If the Accused Party Makes Any Trademark Use of Another's Mark, the "Fair Use" and "Noncommercial Use" Defenses to Dilution Do Not Apply. Part III of the Jack Daniel's decision, discussing Jack Daniel's dilution counterclaim, spans only two pages. Justice Kagan characterized that issue as "more easily dispatched" than the above-discussed issues concerning Jack Daniel's infringement counterclaim. In explaining why the "noncommercial use" defense to dilution did not apply in cases of accused trademark use, Justice Kagan echoed the district court's reasoning as to the separate "fair use" defense, pointing to express statutory language limiting applicability of the "fair use" defense to non-trademark uses. She then explained that exempting all parodies from dilution liability under the "noncommercial speech" defense would necessarily nullify the "non-trademark use" condition placed on the "fair use" defense. The rationale employed here is questionable because it places limits on a subsection of a statute that do not appear in the statutory text. Specifically, 15 U.S.C. § 1125(c)(3)(C) simply exempts from dilution liability, without conditions: "Any noncommercial use of a mark." (emphasis added). Perhaps Justice Kagan could have reached the same result - reversing the dismissal of the dilution counterclaim - by construing "noncommercial" more narrowly, without importing the "non-trademark use" requirement recited in a separate subsection, namely, 15 U.S.C. § 1125(C)(3)(A). Justice Kagan's statutory interpretation renders subsection (3)(C) superfluous over subsection (3)(A), in the face of a fundamental maxim of statutory interpretation that "'[a] statute should be construed so that effect is given to all its provisions, so that no part will be inoperative or superfluous, void or insignificant . . . .'" Hibbs v. Winn (U.S.  2004) (citation omitted). Be that as it may, a defendant to a dilution claim can no longer rely upon the "noncommercial use" defense of subsection (3)(C) if the defendant has made trademark use of the trademark owner's mark(s). And the "fair use" defense was never available in such instances by its own terms, as recited in subsection (3)(A).

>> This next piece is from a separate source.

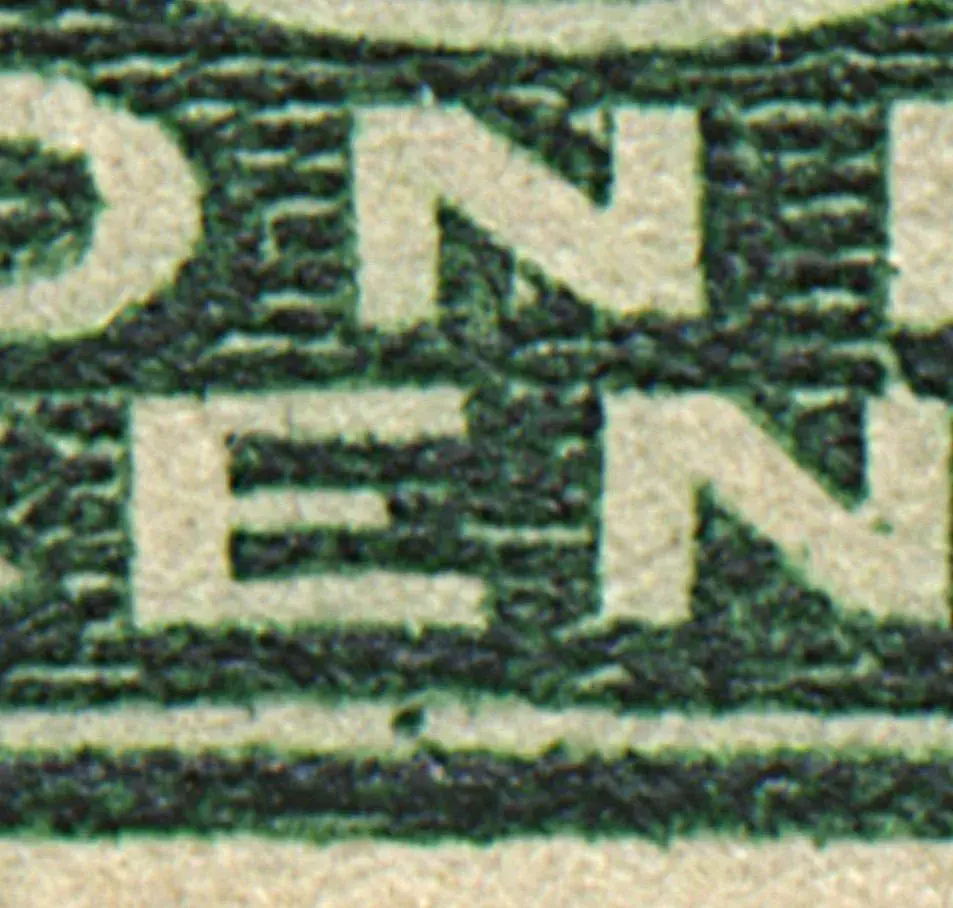 1¢ Green Coil Dot Under E

Result from Jack Daniel's: More Leverage for Trademark Owners

While Jack Daniel's does not mean that all parodists will ultimately lose against trademark infringement and dilution claims (indeed, as an example, the parodist in Smith v. Wal-Mart prevailed), it does mean that when a parodist has made trademark use of the plaintiff's mark(s), then regardless of whether the accused use was also expressive (parodic) in nature, the parodist can no longer summarily terminate trademark infringement litigation. In such instances, barring settlement, or unless the trademark owner fails to properly plead its case (see Footnote 2 of Jack Daniel's), parodists will have to consider increased financial risks of having to litigate a case at least all the way through trial and any post-trial motions, as well as sustaining an adverse judgment. This gives the senders of cease-and-desist letters commensurately more leverage when threatening to sue in such instances. 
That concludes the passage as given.